Otherwise, I have to agree. Langchain to a large extent seems to base its existence on a problem that barely exists. Outside of LLMs as services, the challenging part about LLMs is figuring out how to get one up and running locally. The hard part isn't writing an application that can work with one. Maintaining "memory" of conversations is relatively trivial, and though a framework might give me a lot of stuff for free, it doesn't seem worth giving up the precision of writing code to do things in a very specific way.
Perhaps Langchain is "good" for programming noobs who might benefit from living in just the Langchain universe. The documentation provides enough baby steps that someone who has maybe a few months of experience writing Python can whip something together. However, I'm really giving it the benefit of the doubt here. I really hope noobs aren't getting into programming because they want to build "the next ChatGPT", inherit a bunch of bad ideas about what programming is from Langchain, and then enter the workforce with said ideas.
I guess it's all about whether you believe the most recent LLMs to be good enough to do their own adequate decision making inside their own hallucinations, or if you need to enforce it externally. If the latter, you use LangChain or LlamaIndex. If the former, you rely on OpenAI functions/Claude 2 iterative prompting with minimal Python glue.
LangChain and LlamaIndex also have some nice functions like document imports, RAG, re-ranking but one can simply copy the corresponding code and use it standalone without the rest of the library.
In my experience, it is actually surprisingly hard. I guess it depends on just how "human" you want it to feel. I wrote about it here: [link redacted]
I was actually surprised that LangChain doesn’t do it this way. Just an example of how we shouldn’t assume the established implementations are the best ones and one should always be skeptical and take a fresh look. I posted about this a couple days ago—
https://www.linkedin.com/posts/pchalasani_rag-llm-langchain-...
[1] Langroid: https://github.com/langroid/langroid
If you look at the documentation (1), the API surface is relatively trivial and obvious to me.
Every interaction is a prompt template + an LLM + an output parser.
What’s so hard to understand about this?
Is writing an output parser that extends “BaseOutputParser” really that bad?

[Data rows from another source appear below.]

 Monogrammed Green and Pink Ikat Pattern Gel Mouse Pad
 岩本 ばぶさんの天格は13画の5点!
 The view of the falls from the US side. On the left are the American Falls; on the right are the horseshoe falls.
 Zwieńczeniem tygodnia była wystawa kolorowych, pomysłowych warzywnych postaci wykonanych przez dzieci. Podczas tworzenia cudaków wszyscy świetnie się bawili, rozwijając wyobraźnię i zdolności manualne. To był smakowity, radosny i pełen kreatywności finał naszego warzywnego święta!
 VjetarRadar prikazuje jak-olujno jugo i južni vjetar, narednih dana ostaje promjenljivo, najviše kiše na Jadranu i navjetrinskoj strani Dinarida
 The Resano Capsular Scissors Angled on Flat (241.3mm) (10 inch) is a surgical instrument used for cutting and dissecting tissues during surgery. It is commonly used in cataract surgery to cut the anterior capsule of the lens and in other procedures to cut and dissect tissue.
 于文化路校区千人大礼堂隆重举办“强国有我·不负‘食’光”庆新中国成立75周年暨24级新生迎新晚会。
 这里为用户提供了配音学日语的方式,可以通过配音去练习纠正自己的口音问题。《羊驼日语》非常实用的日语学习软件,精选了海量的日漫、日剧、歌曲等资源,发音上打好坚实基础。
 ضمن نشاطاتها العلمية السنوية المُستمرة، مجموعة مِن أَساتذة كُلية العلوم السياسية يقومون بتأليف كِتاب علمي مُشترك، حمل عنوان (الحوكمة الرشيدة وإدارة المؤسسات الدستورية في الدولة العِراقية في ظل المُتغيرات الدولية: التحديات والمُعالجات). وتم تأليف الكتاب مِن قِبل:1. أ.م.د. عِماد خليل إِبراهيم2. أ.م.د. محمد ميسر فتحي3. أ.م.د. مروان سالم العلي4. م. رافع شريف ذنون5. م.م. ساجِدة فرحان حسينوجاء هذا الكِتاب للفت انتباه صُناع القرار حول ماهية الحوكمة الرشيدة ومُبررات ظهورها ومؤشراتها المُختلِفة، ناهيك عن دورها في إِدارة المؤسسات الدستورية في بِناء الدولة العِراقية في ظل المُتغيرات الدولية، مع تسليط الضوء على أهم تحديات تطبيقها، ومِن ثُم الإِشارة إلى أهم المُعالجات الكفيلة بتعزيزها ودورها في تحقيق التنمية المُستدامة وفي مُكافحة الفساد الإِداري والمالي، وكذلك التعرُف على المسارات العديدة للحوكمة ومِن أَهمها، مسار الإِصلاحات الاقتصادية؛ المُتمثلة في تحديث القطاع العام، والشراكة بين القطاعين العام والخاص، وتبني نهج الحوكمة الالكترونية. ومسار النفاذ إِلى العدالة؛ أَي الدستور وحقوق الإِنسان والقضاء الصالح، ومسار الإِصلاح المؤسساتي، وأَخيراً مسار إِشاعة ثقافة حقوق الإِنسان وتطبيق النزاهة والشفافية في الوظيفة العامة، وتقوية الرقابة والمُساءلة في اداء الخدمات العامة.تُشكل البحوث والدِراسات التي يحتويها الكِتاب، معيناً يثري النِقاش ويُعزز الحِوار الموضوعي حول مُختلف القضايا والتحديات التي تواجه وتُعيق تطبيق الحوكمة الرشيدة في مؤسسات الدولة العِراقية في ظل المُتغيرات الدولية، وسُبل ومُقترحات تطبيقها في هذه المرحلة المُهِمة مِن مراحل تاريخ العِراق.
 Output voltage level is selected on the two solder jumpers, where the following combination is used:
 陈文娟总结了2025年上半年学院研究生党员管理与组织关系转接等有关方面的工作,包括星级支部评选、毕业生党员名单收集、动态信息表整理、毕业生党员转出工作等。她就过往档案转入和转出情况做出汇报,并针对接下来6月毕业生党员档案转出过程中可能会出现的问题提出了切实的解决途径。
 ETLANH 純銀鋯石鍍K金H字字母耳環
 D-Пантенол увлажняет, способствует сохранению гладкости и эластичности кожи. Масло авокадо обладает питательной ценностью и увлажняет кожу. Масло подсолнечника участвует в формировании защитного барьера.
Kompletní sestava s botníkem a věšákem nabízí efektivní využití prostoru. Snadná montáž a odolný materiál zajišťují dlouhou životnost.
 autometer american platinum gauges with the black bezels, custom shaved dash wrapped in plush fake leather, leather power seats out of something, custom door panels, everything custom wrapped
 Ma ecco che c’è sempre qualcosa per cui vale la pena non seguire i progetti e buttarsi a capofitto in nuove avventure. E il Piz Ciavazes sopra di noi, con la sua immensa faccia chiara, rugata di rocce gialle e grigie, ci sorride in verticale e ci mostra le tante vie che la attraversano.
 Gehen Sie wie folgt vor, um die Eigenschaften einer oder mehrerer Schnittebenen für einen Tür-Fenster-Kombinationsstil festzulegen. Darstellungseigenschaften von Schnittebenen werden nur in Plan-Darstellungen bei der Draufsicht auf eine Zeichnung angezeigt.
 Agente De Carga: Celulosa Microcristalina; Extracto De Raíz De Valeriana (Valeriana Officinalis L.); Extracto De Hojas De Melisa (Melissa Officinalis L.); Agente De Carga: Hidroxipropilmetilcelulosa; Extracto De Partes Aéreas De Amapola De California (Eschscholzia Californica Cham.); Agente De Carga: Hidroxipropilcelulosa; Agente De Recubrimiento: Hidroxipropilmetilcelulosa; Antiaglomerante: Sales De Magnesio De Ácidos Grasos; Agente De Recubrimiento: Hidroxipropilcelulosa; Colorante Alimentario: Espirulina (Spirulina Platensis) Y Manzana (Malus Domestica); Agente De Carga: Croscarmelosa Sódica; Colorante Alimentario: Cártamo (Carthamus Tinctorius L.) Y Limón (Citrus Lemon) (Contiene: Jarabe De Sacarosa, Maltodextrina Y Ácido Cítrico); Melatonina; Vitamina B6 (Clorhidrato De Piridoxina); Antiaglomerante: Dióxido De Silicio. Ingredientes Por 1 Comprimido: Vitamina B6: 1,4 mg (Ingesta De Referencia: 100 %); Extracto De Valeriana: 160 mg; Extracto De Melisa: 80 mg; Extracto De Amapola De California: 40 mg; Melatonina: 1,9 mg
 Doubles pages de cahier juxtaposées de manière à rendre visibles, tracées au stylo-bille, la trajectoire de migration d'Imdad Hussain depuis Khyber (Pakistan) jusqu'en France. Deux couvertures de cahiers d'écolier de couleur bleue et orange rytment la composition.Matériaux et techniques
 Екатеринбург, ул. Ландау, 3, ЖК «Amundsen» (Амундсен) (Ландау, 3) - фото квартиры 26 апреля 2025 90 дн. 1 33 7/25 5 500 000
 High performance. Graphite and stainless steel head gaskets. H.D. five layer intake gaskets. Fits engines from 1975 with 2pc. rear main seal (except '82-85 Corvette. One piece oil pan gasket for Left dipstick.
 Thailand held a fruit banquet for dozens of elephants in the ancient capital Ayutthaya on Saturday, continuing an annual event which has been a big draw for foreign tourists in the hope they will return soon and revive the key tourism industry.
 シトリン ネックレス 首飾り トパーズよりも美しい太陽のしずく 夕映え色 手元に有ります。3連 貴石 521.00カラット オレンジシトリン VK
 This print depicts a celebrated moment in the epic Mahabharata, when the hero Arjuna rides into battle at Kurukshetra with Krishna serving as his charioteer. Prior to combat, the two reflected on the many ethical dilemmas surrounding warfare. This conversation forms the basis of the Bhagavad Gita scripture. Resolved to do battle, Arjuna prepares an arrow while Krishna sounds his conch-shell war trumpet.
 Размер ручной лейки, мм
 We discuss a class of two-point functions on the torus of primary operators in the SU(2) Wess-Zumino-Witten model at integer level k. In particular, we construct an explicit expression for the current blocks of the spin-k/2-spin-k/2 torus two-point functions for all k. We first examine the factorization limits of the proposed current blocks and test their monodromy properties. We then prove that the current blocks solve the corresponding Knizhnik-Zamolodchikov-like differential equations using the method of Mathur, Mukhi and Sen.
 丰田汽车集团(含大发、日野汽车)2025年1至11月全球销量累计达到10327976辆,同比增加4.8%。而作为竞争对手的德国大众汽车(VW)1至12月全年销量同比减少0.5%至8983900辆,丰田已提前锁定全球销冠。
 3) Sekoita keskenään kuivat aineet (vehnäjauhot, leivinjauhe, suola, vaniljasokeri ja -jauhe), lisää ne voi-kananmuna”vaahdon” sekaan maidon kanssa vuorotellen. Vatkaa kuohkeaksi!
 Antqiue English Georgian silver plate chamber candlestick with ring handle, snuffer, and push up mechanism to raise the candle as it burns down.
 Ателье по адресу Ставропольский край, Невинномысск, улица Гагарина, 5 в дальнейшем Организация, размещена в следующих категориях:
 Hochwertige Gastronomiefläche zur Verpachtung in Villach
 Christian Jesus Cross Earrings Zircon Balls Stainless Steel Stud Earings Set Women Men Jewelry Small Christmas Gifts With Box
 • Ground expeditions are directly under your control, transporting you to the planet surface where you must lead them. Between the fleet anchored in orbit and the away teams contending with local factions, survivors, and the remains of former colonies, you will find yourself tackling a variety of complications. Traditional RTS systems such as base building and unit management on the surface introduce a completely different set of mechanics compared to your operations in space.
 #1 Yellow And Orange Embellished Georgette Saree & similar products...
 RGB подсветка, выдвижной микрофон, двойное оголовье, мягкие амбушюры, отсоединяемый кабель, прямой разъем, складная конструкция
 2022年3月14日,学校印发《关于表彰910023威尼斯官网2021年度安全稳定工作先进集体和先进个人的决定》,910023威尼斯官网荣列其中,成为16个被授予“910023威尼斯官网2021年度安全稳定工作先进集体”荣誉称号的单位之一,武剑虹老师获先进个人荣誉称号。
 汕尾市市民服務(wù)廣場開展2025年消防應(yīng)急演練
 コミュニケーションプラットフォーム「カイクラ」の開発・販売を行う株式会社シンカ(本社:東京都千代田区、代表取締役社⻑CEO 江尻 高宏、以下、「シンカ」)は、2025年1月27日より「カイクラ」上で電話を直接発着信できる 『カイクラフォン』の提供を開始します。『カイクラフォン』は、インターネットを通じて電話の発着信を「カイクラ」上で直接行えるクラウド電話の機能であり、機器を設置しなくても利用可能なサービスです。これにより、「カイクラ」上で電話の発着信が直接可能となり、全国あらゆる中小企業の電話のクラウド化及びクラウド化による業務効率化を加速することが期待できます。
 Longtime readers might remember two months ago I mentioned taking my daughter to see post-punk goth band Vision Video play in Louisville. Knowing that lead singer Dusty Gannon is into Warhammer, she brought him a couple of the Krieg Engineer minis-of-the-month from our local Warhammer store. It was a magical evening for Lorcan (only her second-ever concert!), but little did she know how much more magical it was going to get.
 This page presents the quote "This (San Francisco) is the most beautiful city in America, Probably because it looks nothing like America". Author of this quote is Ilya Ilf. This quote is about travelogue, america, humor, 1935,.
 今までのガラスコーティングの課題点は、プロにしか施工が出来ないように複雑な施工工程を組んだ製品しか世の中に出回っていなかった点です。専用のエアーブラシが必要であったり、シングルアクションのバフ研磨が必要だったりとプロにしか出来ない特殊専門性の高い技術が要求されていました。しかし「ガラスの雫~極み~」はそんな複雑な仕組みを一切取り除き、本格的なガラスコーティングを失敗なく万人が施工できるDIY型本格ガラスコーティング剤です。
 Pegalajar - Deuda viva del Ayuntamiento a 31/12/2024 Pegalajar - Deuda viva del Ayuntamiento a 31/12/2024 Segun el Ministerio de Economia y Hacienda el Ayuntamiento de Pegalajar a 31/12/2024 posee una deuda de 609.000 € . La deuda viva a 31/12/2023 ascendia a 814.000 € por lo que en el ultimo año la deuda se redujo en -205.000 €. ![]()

The parser and LLM are linked using:
“chatPrompt.pipe(model).pipe(parser);”
How… verbose. Complicated.
People who like to have a go at langchain seem to argue that this is “so trivial” you could just do it yourself… but also not flexible enough, so you should do it yourself.
Don’t get me wrong, I think they’ve done some weird shit (LCEL), but the streaming and batching isn’t that weird.
You see no benefit in using it?
Ok.
…but come on, it’s not that stupid; I would prefer it was broken into smaller discrete packages (large monolithic libraries like this often end up with lots of bloated half baked stuff in them), and I’d rather it focused on local models, not chatgpt…
…but come on. It’s not that bad.
No benefit?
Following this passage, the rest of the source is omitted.